Jakarta, Goodcar.id - Penjualan mobil listrik di Singapura turun? Minat konsumen terhadap mobil listrik di Singapura menunjukkan tren penurunan.
Laporan terbaru EY Mobility Consumer Index (MCI) 2025 mengungkap adanya pergeseran preferensi pembeli kendaraan, yang kini mulai kembali mempertimbangkan mobil bermesin pembakaran internal atau internal combustion engine (ICE).
Berdasarkan survei EY yang dirilis pada 9 Januari 2026, sebanyak 32 persen responden di Singapura menyatakan berencana membeli mobil ICE dalam 24 bulan ke depan. Angka tersebut naik dibandingkan tahun sebelumnya yang berada di level 26 persen. Sebaliknya, minat pembelian mobil listrik (EV) turun cukup tajam, dari 73 persen pada 2024 menjadi 58 persen pada 2025.

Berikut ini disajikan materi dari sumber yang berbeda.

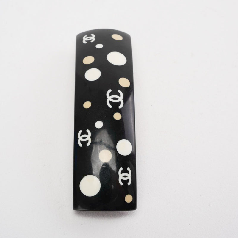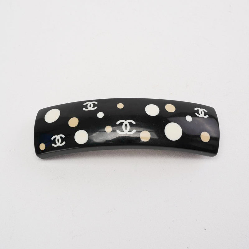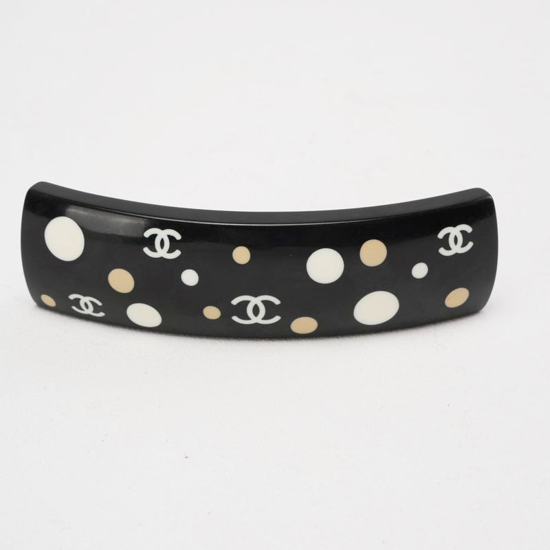 The Chanel Vintage Black and Ecru Polka Dot CC Logo Hair Clip is a playful yet elegant accessory that perfectly captures Chanel’s signature blend of sophistication and charm. Crafted in black resin with ecru polka dots, it features the iconic interlocking CC logo at the center, adding a touch of classic luxury to any hairstyle.
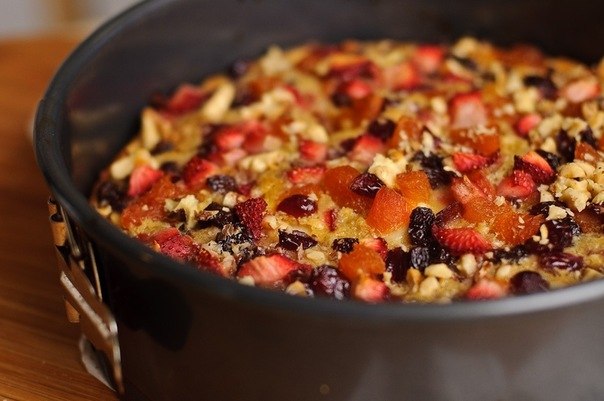 Присыпьте второй половиной орехов. Выпекайте 45 минут — час. Выньте из духовки и можете вынимать из формы через 10-15 минут.
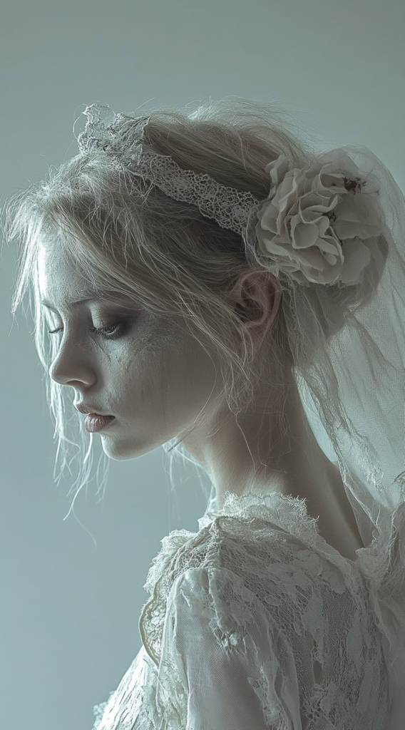 The zombie bride is a Halloween perennial for good reason it takes universally flattering bridal styling and adds a horror-movie edge. A deliberately disheveled updo scattered with traditional bridal accessories creates a compelling visual tension between elegance and decay.
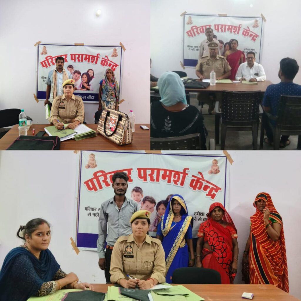 आवेदिका 1- ममता पुत्री नत्थू निवासी बडोखर खुर्द थाना कोतवाली नगर जनपद बांदा ने अपने पति कमलेश पुत्र रामशरण निवासी देविन नगर थाना नरैनी जनपद बांदा, 2- रजुलिया पुत्री भोला निवासी सिकलोढी थाना बिसंडा ने अपने पति चुन्नु पुत्र केशन निवासी पिपरी मजरा ओरन थाना बिसंडा तथा 3- विनीता वाल्मीकि पुत्री लक्ष्मण निवासी जानकी कुण्ड जनपद सतना (म0प्र0) ने अपने पति दिलीप वाल्मीकि पुत्र होरीलाल निवासी ग्राम मोतियारी थाना नरैनी जनपद बांदा के विरुद्ध प्रार्थना पत्र दिया गया था ।* जिस पर परिवार परामर्श केन्द्र पुलिस टीम व समाजसेवियों द्वारा पति-पत्नी व उनके परिवारों को बुलाकर व्यक्तिगत व संयुक्त रुप से सुना गया एवं निष्पक्षता से मध्यस्थता की भूमिका निभाई तथा पारिवारिक, भावनात्मक एवं सामाजिक पहलुओं को ध्यान में रखते हुए उनकी समस्याओं का समाधान किया गया । आपसी सुलह होने पर परिवार परामर्श केंद्र की टीम द्वारा परिवार को आपस में सामन्जस्य बिठाकर एवं परिवारिक दायित्यों को सही प्रकार से निर्वहन करने व किसी भी प्रकार की समस्या होने पर बिना संकोच किए पुलिस परिवार परामर्श केन्द्र या नजदीकी थाने पर सम्पर्क करने हेतु सलाह दी गयी ।
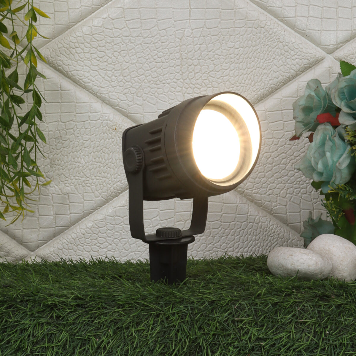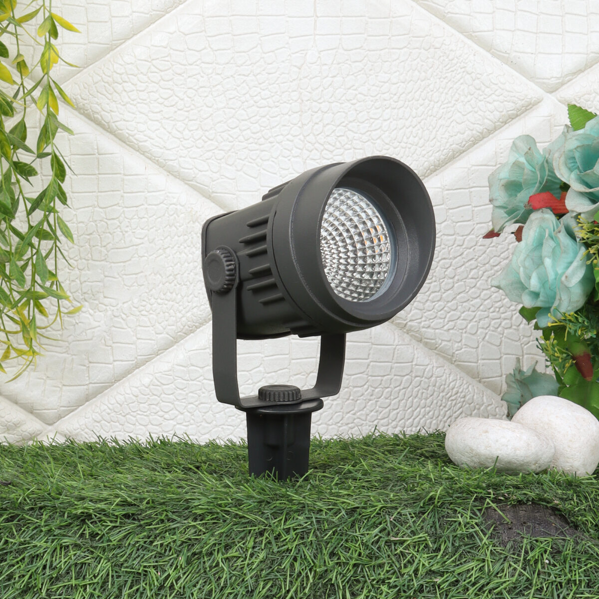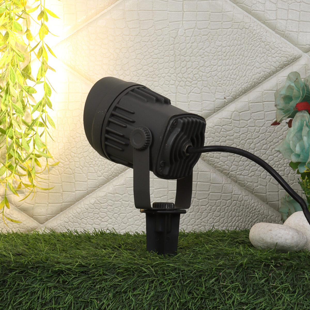 Heavy duty. premium, aluminium die cast outdoor spike light giving warm (yellow) light output, uses high quality LED and driver with high success rate having less than 0.5% replacement. Designed to withstand the harsh conditions of the great outdoors while remaining stylish and functional. Spike lights provide the ultimate flexibility in lighting your garden as they can easily be repositioned when required to illuminate different shrubs and trees throughout the seasons. The head is adjustable allowing you to illuminate any area you desire. Easy for use in gardens small or large.IP65 rated. Protection against splashed water. Also available in small size with 7 watt output.
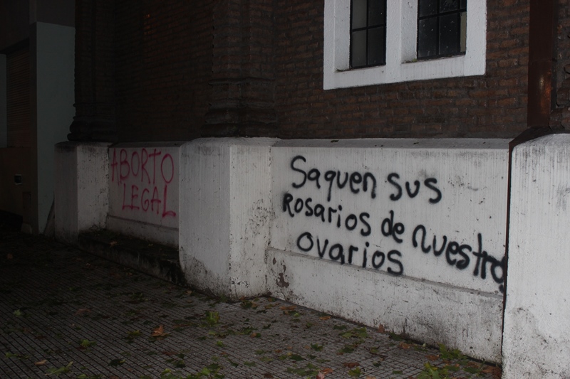 Más allá del genuino reclamo, algunos manifestantes (hombres y mujeres) con sus rostros cubiertos, rayaron las paredes laterales de la Catedral, generando repudio incluso en otros de los que allí estaban.
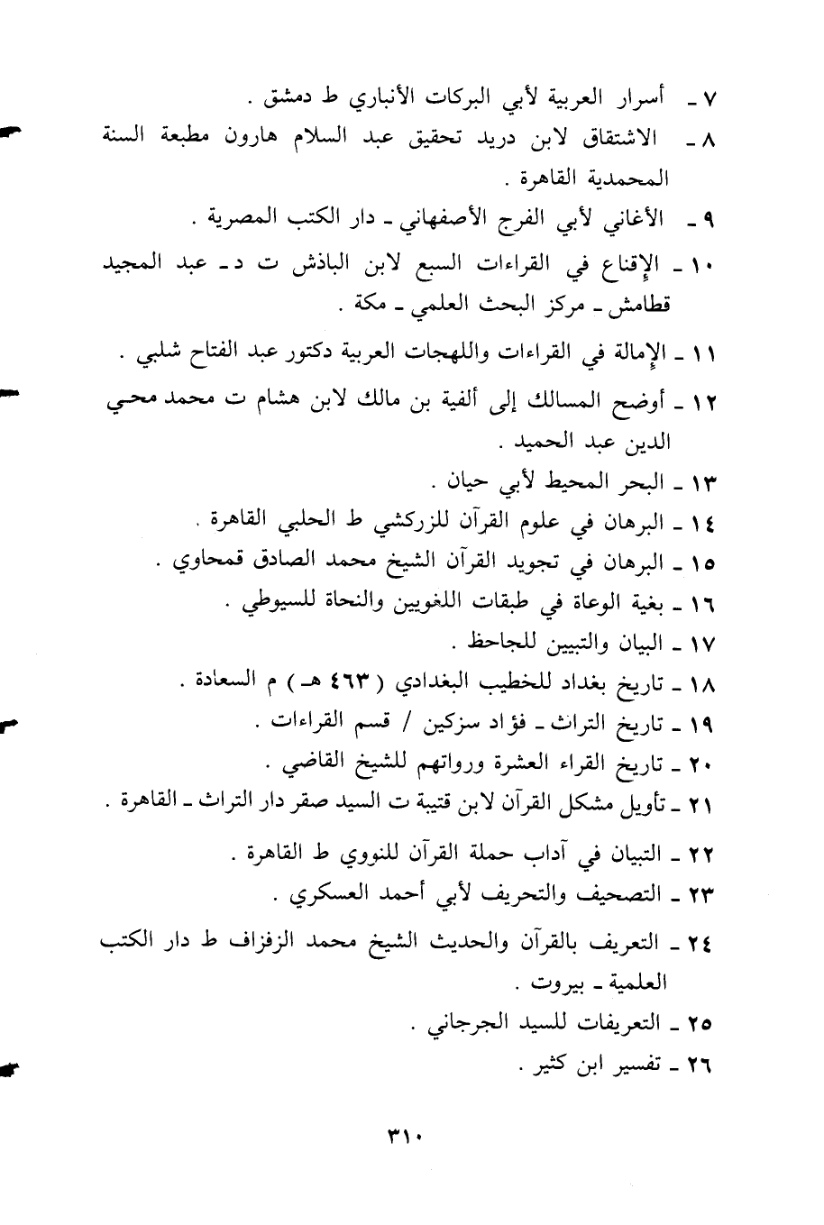 10- الإقناع في القراءات السبع لابن الباذش ت د- عبد المجيد قطامش- مركز البحث العلمي- مكة.
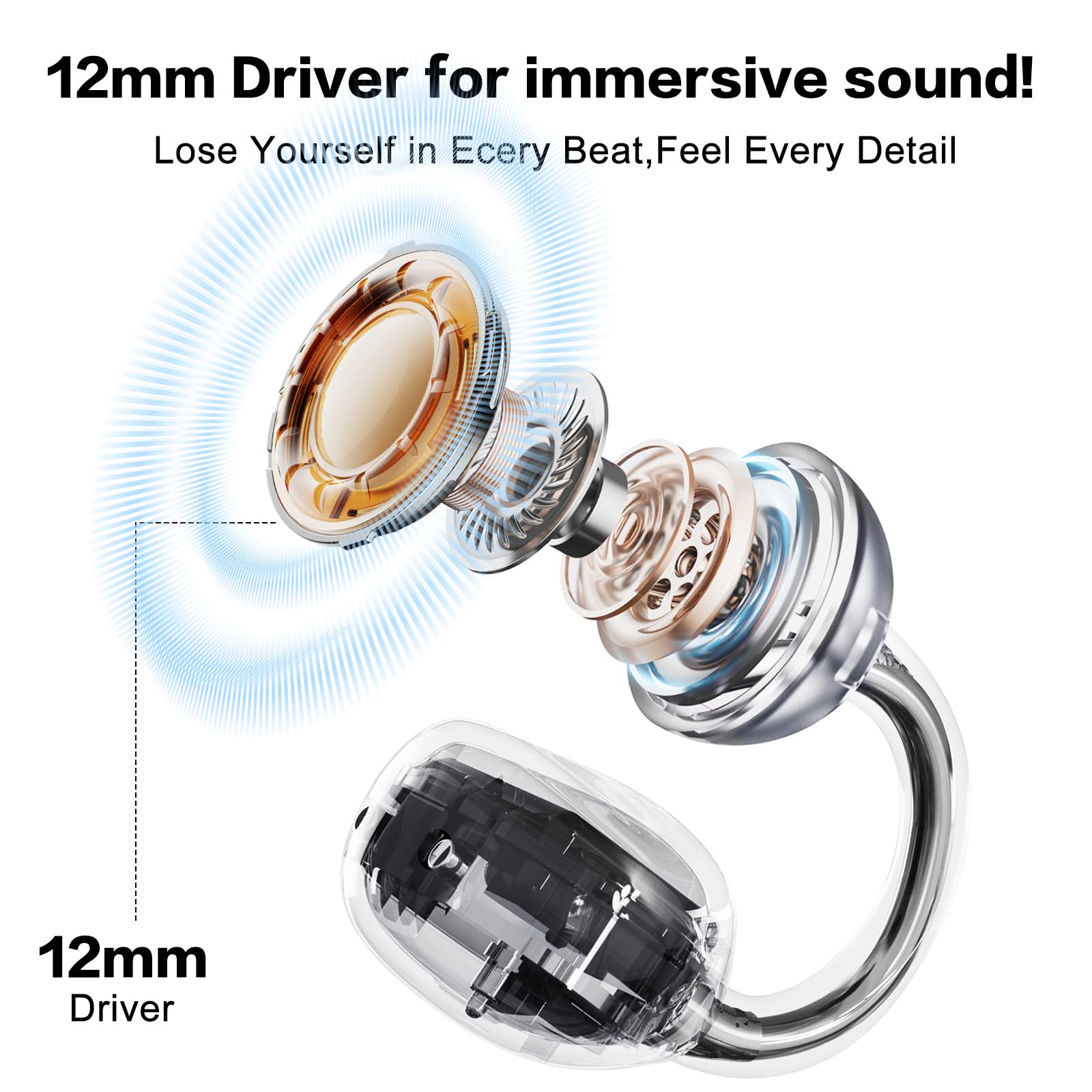 - Open Ear Headphones : Zihnic upgraded C-shaped bridge design headphones without any pressure. Our clip-on earbuds are expertly engineered to fit every ear shape snugly. Weighing a mere 4.7g, they offer a featherlight, painless wear, perfect for all-day use.

EY mencatat, perubahan ini mencerminkan sikap konsumen yang semakin realistis dalam menilai kesiapan ekosistem kendaraan listrik, meskipun Singapura dikenal sebagai salah satu negara dengan kebijakan elektrifikasi transportasi yang progresif di Asia Tenggara.
Kekhawatiran Infrastruktur Jadi Faktor Penentu
Salah satu penyebab utama turunnya minat terhadap mobil listrik adalah persoalan pengisian daya. Dalam laporan EY Mobility Consumer Index 2025, 56 persen responden menyebut kualitas dan interoperabilitas charger publik sebagai hambatan utama adopsi EV. Artinya, konsumen masih menilai pengalaman pengisian daya belum sepenuhnya praktis dan konsisten.
Selain itu, biaya penggantian baterai juga menjadi kekhawatiran signifikan, disebut oleh 42 persen responden. Sementara 40 persen responden lainnya menyoroti keterbatasan infrastruktur pengisian daya, terutama dalam konteks penggunaan harian dan perjalanan jarak jauh.
Faktor-faktor ini menunjukkan bahwa harga kendaraan saja tidak cukup menjadi penentu keputusan pembelian EV. Biaya kepemilikan jangka panjang dan kenyamanan penggunaan tetap menjadi pertimbangan utama konsumen.
Di sisi lain, proses pembelian kendaraan di Singapura masih sangat bergantung pada diler fisik. EY mencatat 49 persen responden lebih memilih menyelesaikan transaksi pembelian secara langsung, meskipun angka ini menurun dibandingkan 65 persen pada 2024.
Menurut EY, konsumen tetap mengandalkan interaksi tatap muka untuk mendapatkan penjelasan menyeluruh terkait spesifikasi kendaraan, opsi pembiayaan, hingga pertimbangan kepemilikan jangka panjang. Hal ini berlaku baik untuk mobil listrik maupun kendaraan bermesin konvensional.
Penurunan minat terhadap mobil listrik di Singapura menjadi sinyal penting bagi industri otomotif dan pembuat kebijakan. Meski transisi menuju kendaraan listrik terus didorong, laporan EY menunjukkan bahwa kepercayaan konsumen masih sangat dipengaruhi oleh kesiapan infrastruktur dan biaya nyata yang harus ditanggung pemilik kendaraan.
Bagi pabrikan dan pemerintah, hasil survei ini menegaskan bahwa percepatan adopsi EV tidak hanya soal insentif, tetapi juga soal memastikan pengalaman penggunaan yang praktis, terjangkau, dan bebas kekhawatiran bagi konsumen.